[Aim of the task] Print the entries verbatim, leaving out the images they contain.

[Dataset excerpts]
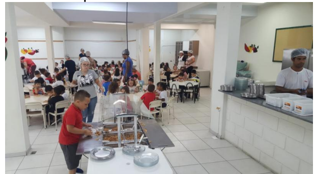
Projeto da IDES recebeu visita da SMTAC

As visitas da SMTAC têm como objetivo orientar as Entidades parceiras com a intenção de atuar preventivamente no que diz respeito a aplicação dos recursos públicos e a realização das atividades previstas.
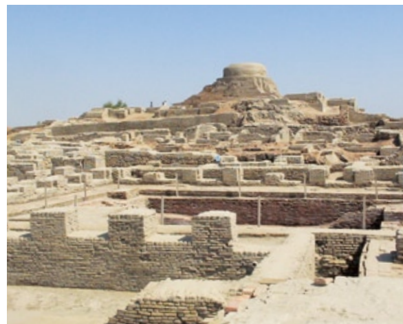
モヘンジョ・ダロ 丘の上のドーム状の建物は後世の仏塔(ストゥーパ)とみなされている

境が悪くなり、そこに住んでいた人がインド側に移住していったことで、しだいにネットワークが崩れていった。これが有力な説だと考えています。
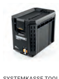
SYSTEMKASSE TOOL BOX STACKTECH COMPACT

Nobb nr: 60672781 El-nr: 8818035 Art. Nr.: TB-B1-B-50
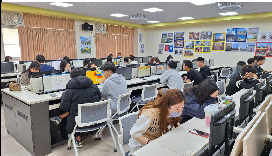
跨境電商精進師生專業社群師生共學培訓活動（一）
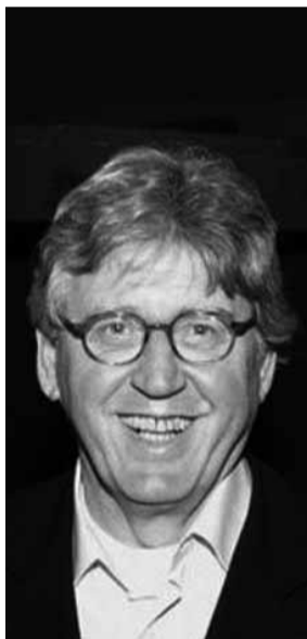
Mei 1996: Bram Peper presenteert zijn rapport Duurzame kennis, duurzame landbouw
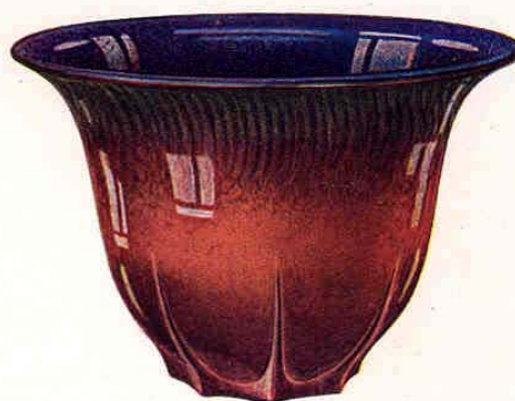
Nr. 6037 ø 19 cm

Vase, eingez., mit Dekor - Vase au bord rentrant décoré Vase turned in with decoration Florero encorvado con decoración 250.— Gewicht - Poids - Weight - Peso 1170 g Packung - Emballage - Packing - Embalaje 96 St. - Pcs. - Pzs. Br. 180 kg, Net. 110 kg = 0,70 cbm
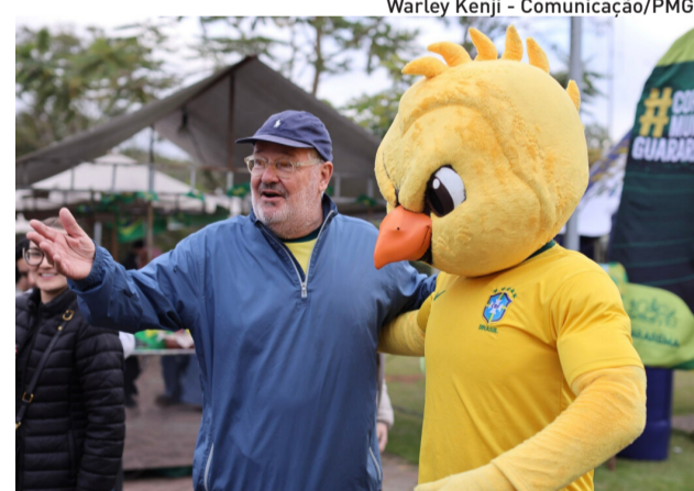
O prefeito comemorou a forte presença do público

No último encontro, realizado no domingo (5), durante

[Response area]
Projeto da IDES recebeu visita da SMTAC

As visitas da SMTAC têm como objetivo orientar as Entidades parceiras com a intenção de atuar preventivamente no que diz respeito a aplicação dos recursos públicos e a realização das atividades previstas.
モヘンジョ・ダロ 丘の上のドーム状の建物は後世の仏塔(ストゥーパ)とみなされている

境が悪くなり、そこに住んでいた人がインド側に移住していったことで、しだいにネットワークが崩れていった。これが有力な説だと考えています。
SYSTEMKASSE TOOL BOX STACKTECH COMPACT

Nobb nr: 60672781 El-nr: 8818035 Art. Nr.: TB-B1-B-50
跨境電商精進師生專業社群師生共學培訓活動（一）
Mei 1996: Bram Peper presenteert zijn rapport Duurzame kennis, duurzame landbouw
Nr. 6037 ø 19 cm

Vase, eingez., mit Dekor - Vase au bord rentrant décoré Vase turned in with decoration Florero encorvado con decoración 250.— Gewicht - Poids - Weight - Peso 1170 g Packung - Emballage - Packing - Embalaje 96 St. - Pcs. - Pzs. Br. 180 kg, Net. 110 kg = 0,70 cbm
O prefeito comemorou a forte presença do público

No último encontro, realizado no domingo (5), durante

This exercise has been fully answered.